# Complex Numbers – Equation of a Circle

## Complex Numbers – Equation of a Circle

Equation of a Circle: Consider a fixed complex number zₒ and let z be any complex number which moves in such a way that its distance from zₒ is always to r. this implies z would lie on a circle whose center is zₒ and radius is r. and its equation would be

|z – zₒ| = r

Squaring on both sides

|z – zₒ|² = r²

$$(z-{{z}_{0}})(\overline{z}-\overline{{{z}_{0}}})={{r}^{2}}$$,

$$z\overline{z}-z\overline{{{z}_{0}}}-\overline{z}{{z}_{0}}+{{z}_{0}}\overline{{{z}_{0}}}-{{r}^{2}}=0$$.

Let -a = zₒ and $${{z}_{0}}\overline{{{z}_{0}}}-{{r}^{2}}=b$$. Then

$$z\overline{z}+a\overline{z}+\overline{a}z+b=0$$.

It represents the general equation of a circle in the complex plane.

Now, let us consider a circle described on a lime segment AB $$(A({{z}_{1}}),B({{z}_{2}}))$$ as its diameter.
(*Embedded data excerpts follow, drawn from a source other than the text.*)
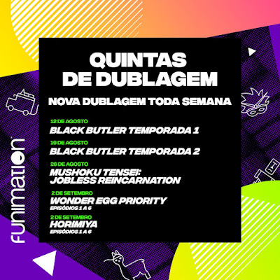 A Funimation irá lançar uma nova dublagem de anime em português por semana a partir dessa semana, os lançamentos serão sempre às quintas na plataforma de streaming e os primeiros animes para as "Quintas de Dublagem" também já foram revelados, veja lista e datas logo abaixo:
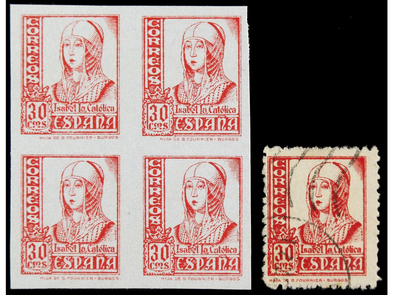ESPAÑA. 30 cts. carmín, pie de imprenta a la izquierda y 30 cts. carmín bloque de cuatro sobre papel azulado (ensayo de color). Ed.823 y 823et.
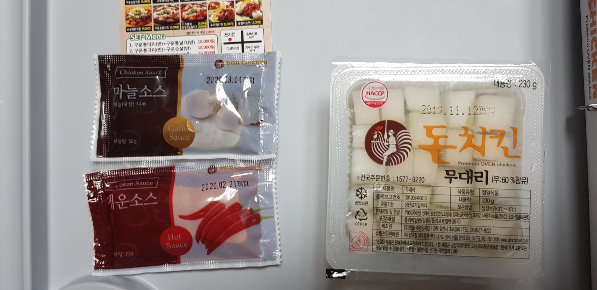 치킨무와 마늘소스, 매운소스가 들어 있습니다.
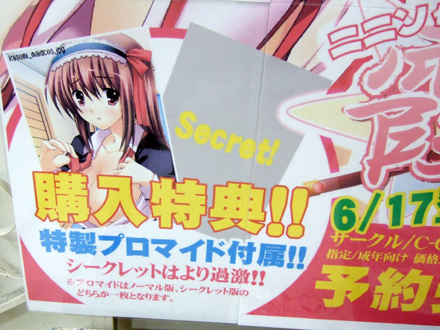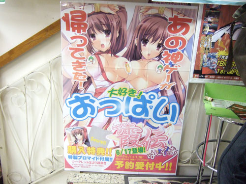メロンブックスにて、コミケ71で頒布されたサークルC-CUBEの同人ソフト「ニニンが霞伝 は〜どこあ」が6月17日から発売という告知POPが出てました。これは、メロンの商品説明によると「世界の中心で乳を揉みしだく…あの霞とのおっぱいをもう一度!あなたの股間を勃ち上がらせる至高のおっぱいゲー!」というもので、ジャンルは「愛と肉欲とポロリあどべんちゃあ」
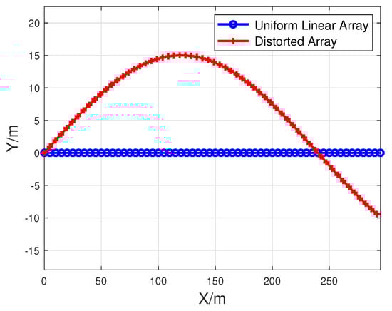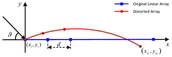 Consider a flexible cable with M omnidirectional hydrophones mounted at a fixed spacing d. Because of oceanic currents, hydrodynamics, and tactical maneuvers of the towing platform, the hydrophone array towed behind a maneuvering platform cannot be kept as a straight line [11], as shown in Figure 1. Suppose that the array shape distortion only occurs on the horizontal plane [40]. Take the position of the hydrophone nearest from the platform as the origin of the coordinate system. The hydrophone in the distorted array is denoted by red circles in Figure 1 as opposed to that in the original linear array denoted by blue squares.
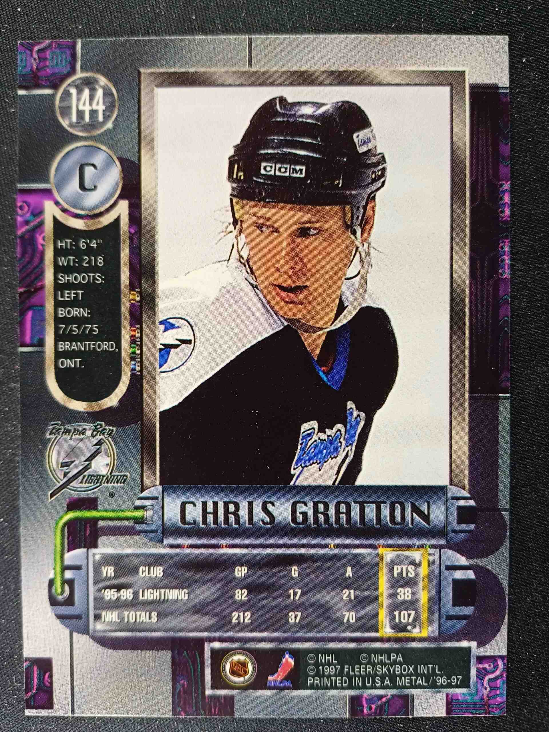 Sběratelská karta 1996/1997 Fleer Metal Universe Base 144 Chris Gratton
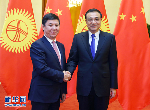 李克强表示,中吉是山水相连的友好邻邦,两国人民交往源远流长。中方始终从战略高度看待中吉关系发展,坚定支持吉尔吉斯共和国的独立、主权和领土完整,尊重吉人民自主选择的发展道路,愿同吉方进一步巩固政治互信,全面深化务实合作,推动两国关系取得新的发展。
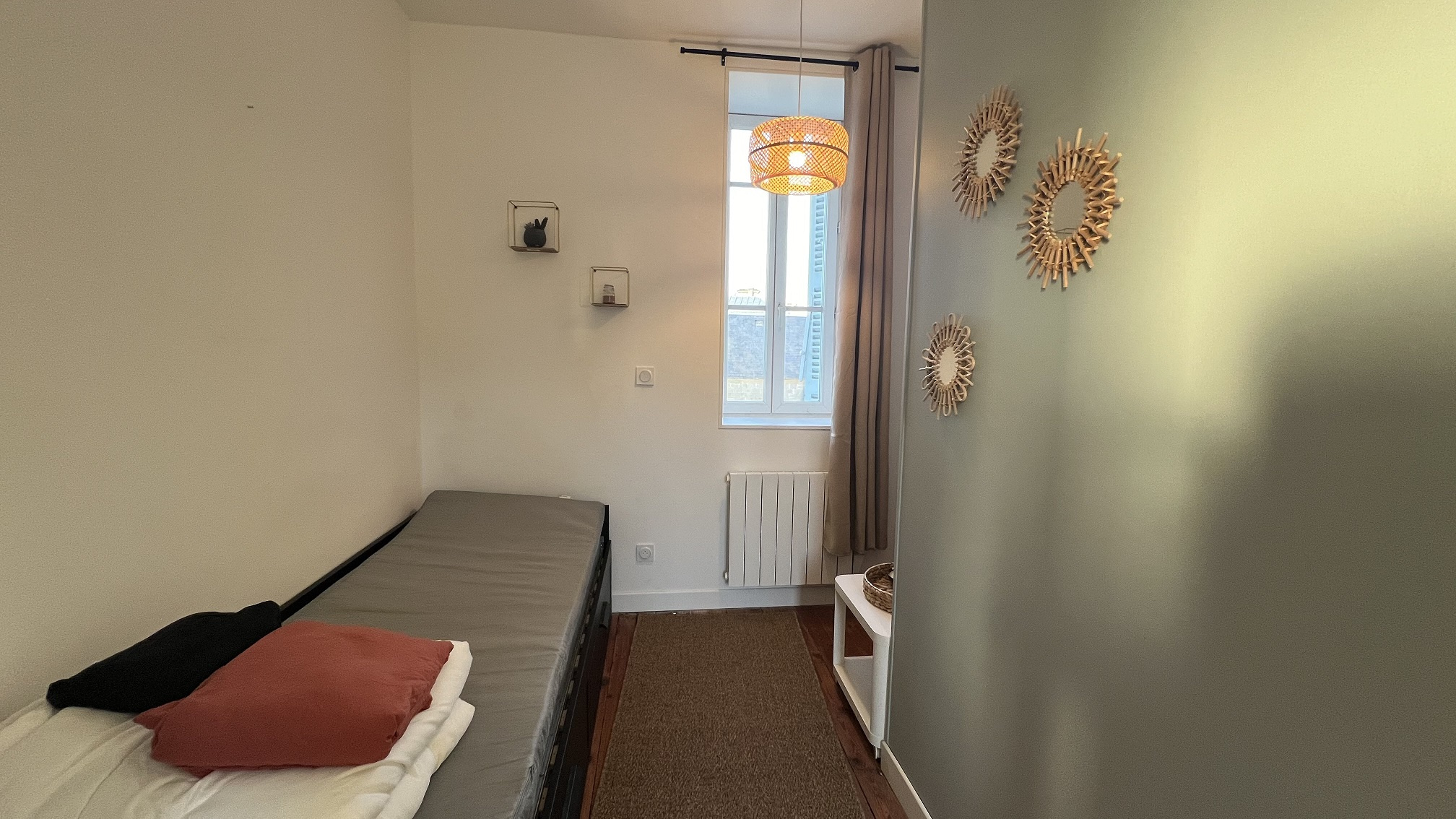 Chaque chambre est équipée d'un lit double, d'un bureau et de rangements.

Let P(z) be any point on the circle. As the angle in the semicircle is $$\frac{\pi }{2}$$, So

$$\angle APB=\frac{\pi }{2}$$

$$\arg \left( \frac{{{z}_{1}}-z}{{{z}_{2}}-z} \right)=\pm \frac{\pi }{2}$$,

$$\frac{z-{{z}_{1}}}{z-{{z}_{2}}}$$ is purely imaginary

$$\frac{z-{{z}_{1}}}{z-{{z}_{2}}}+\frac{\overline{z}-\overline{{{z}_{1}}}}{\overline{z}-{{\overline{z}}_{2}}}=0$$,

$$(z-{{z}_{1}})(\overline{z}-\overline{{{z}_{2}}})+(z-{{z}_{2}})(\overline{z}-\overline{{{z}_{1}}})=0$$.